WORK ITEM: Print verbatim the lines from the beginning of the entries through the line containing "Crafted Leather Elegant", both ends included. Pictures should be left out.

(Collection entries)
== Segment start ==
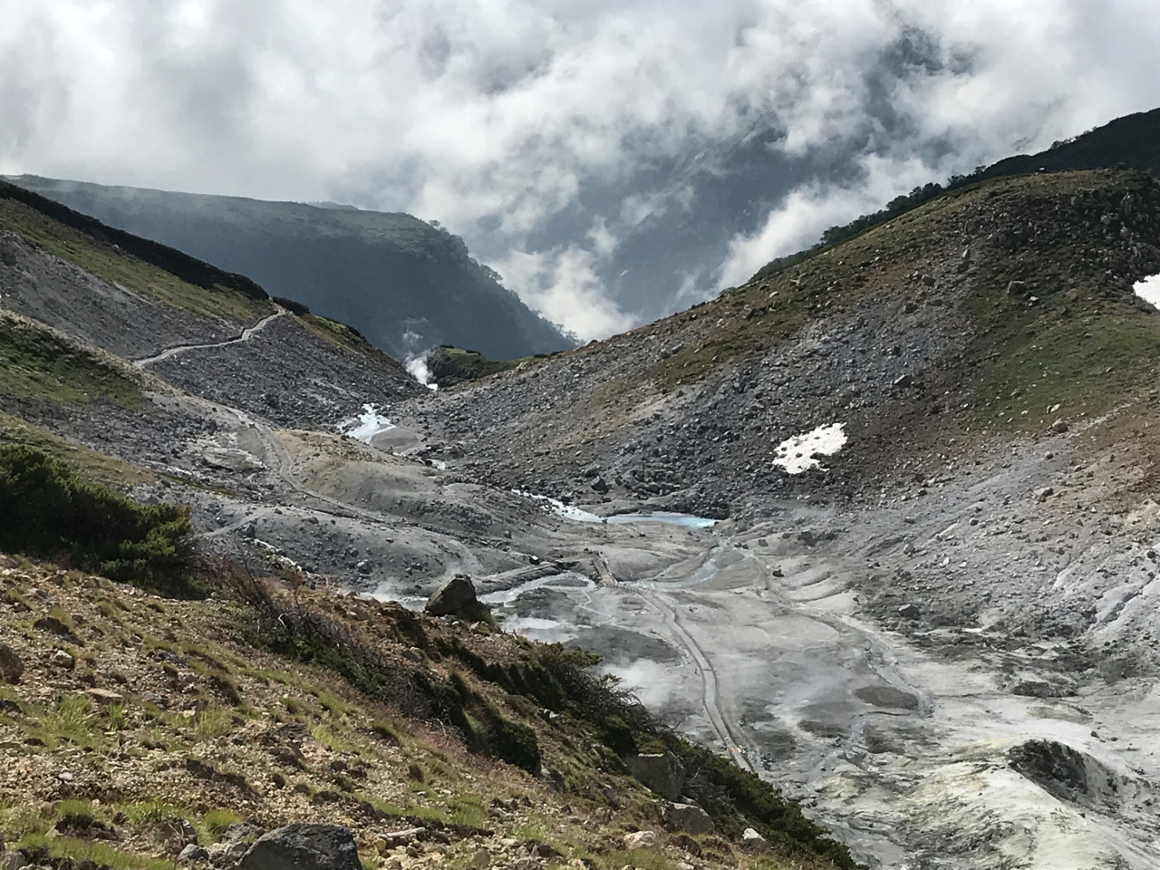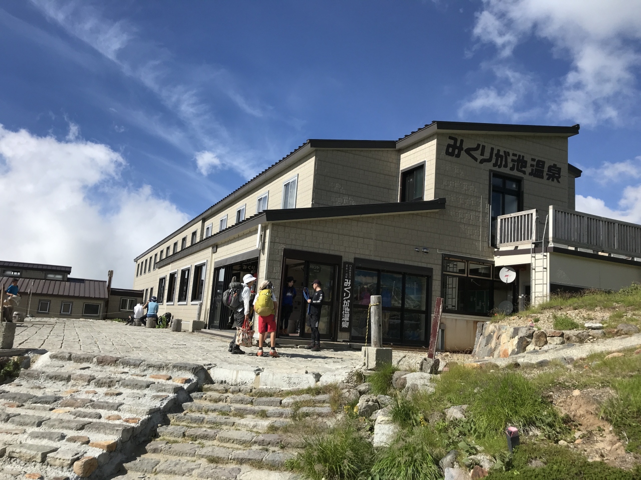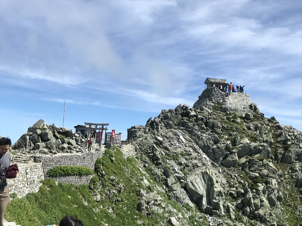 巨大な立山杉のご神木が林立している参道。とても神々しい境内が長く続きます。祈願殿前では、自分のように立山登山を終えてから参拝に来た方々が大勢いらっしゃいました。駐車場は少ないので参拝の際は気をつけなければなりませんでした。
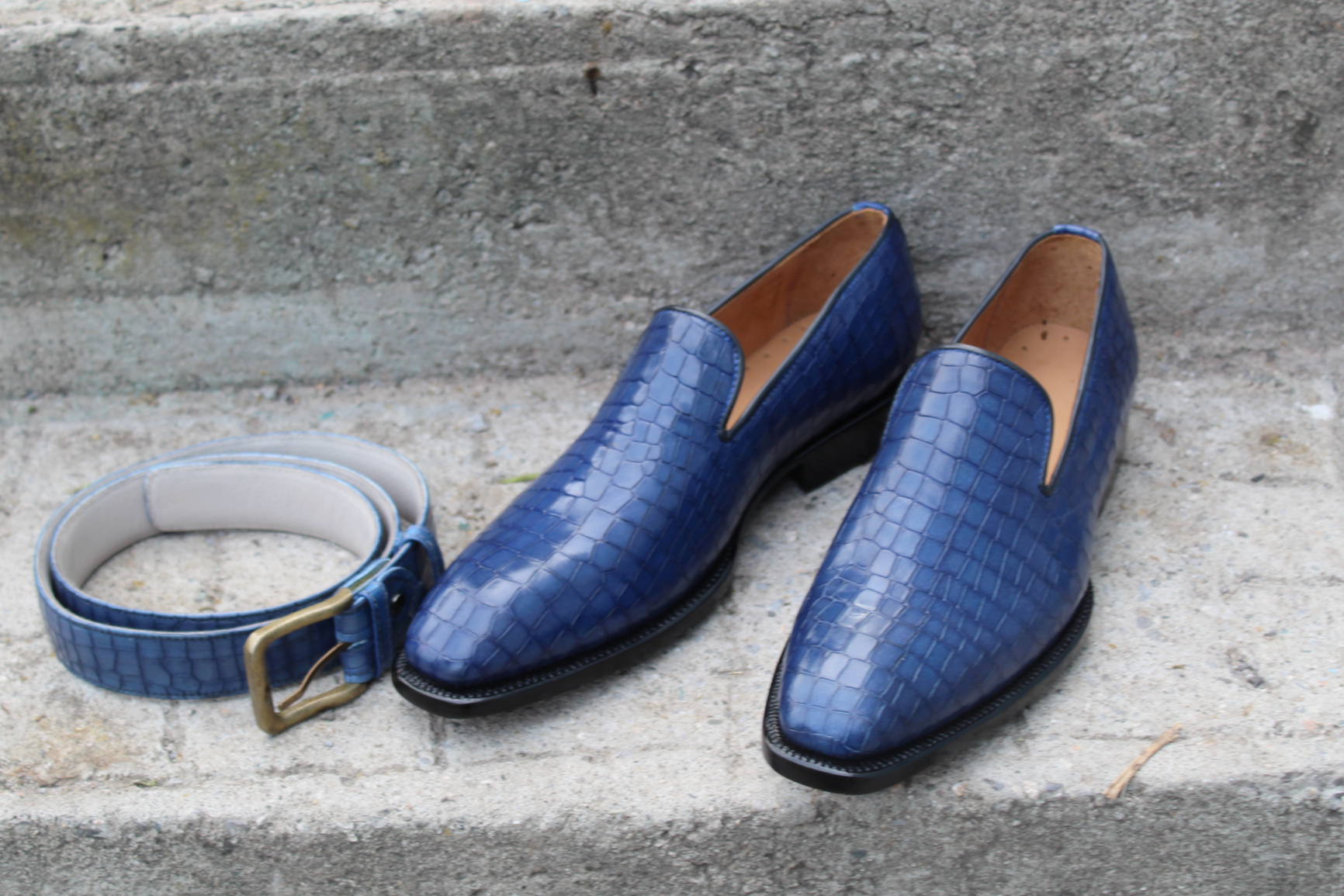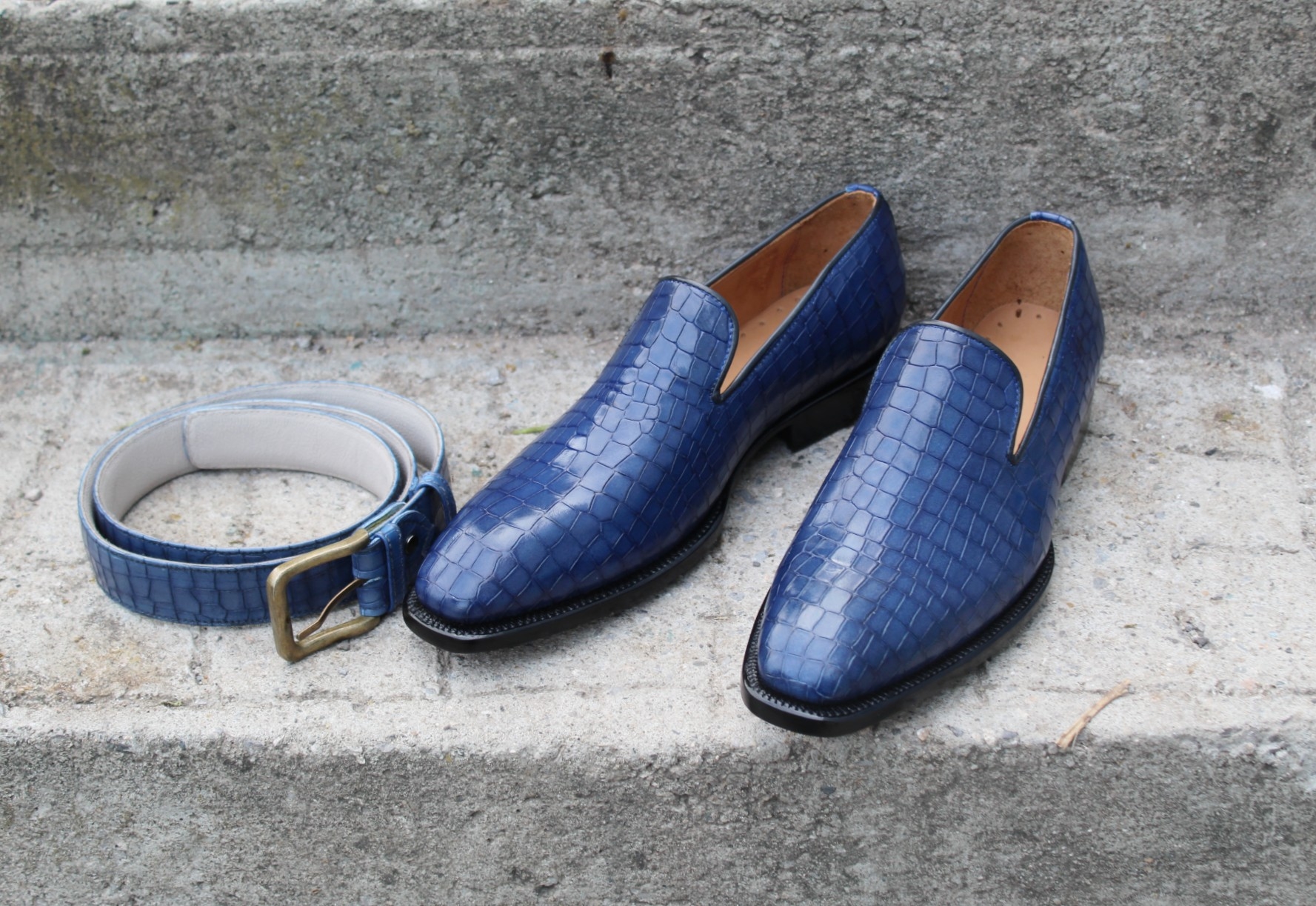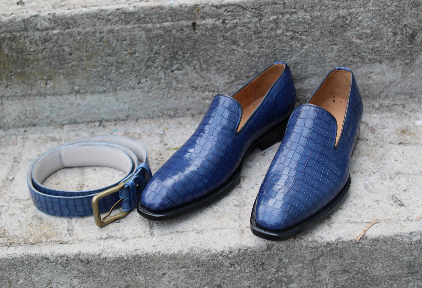 Crafted Leather Elegant and Classic Blue Crocodile Leather Alligator Loafers Dress Shoes with Matching Belt
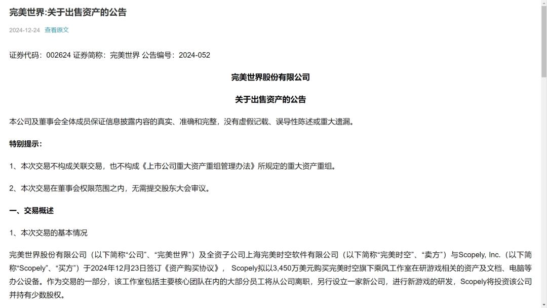 据Scopely官方说法,光2024一年,他们就和超过800家公司就投资收购进行了面谈。完美世界及全资子公司上海完美时空,正是在2024年12月23日与Scopely签订《资产购买协议》。根据协议,作为交易的一部分,该工作室包括主要核心团队在内的大部分员工将从公司离职,另行设立一家新公司,进行新游戏的研发,Scopely将投资该公司并持有少数股权。
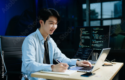 The watermark will not be included on Wall mural.: Young male programmer working with tablet and screen displaying code - modern tech office setup, grea
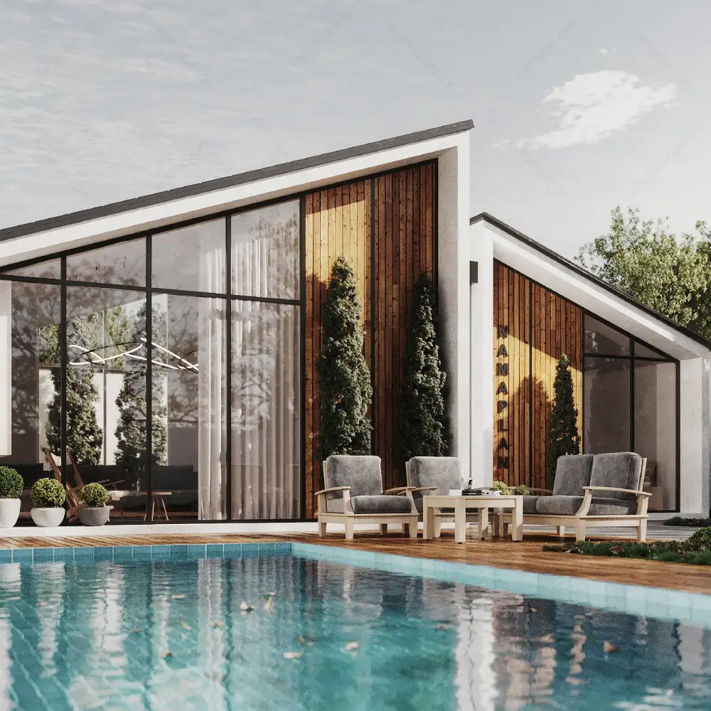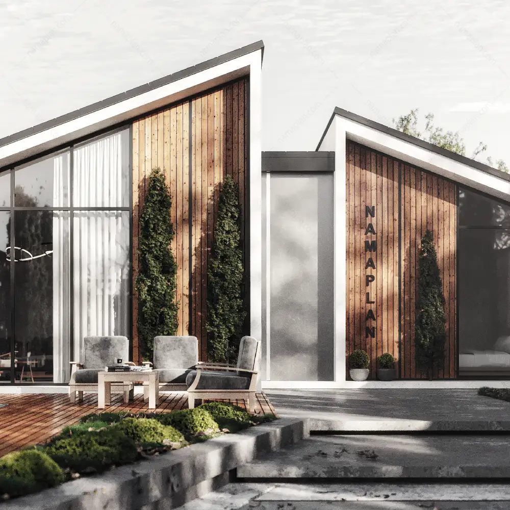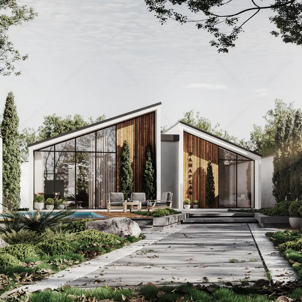 طراحی باغ ویلا مدرن با متراژ 75 متری (با سقف شیبدار) در زمینی به مساحت 500 مترمربع.
== Segment end ==
RESPONSE AREA:
 巨大な立山杉のご神木が林立している参道。とても神々しい境内が長く続きます。祈願殿前では、自分のように立山登山を終えてから参拝に来た方々が大勢いらっしゃいました。駐車場は少ないので参拝の際は気をつけなければなりませんでした。
 Crafted Leather Elegant and Classic Blue Crocodile Leather Alligator Loafers Dress Shoes with Matching Belt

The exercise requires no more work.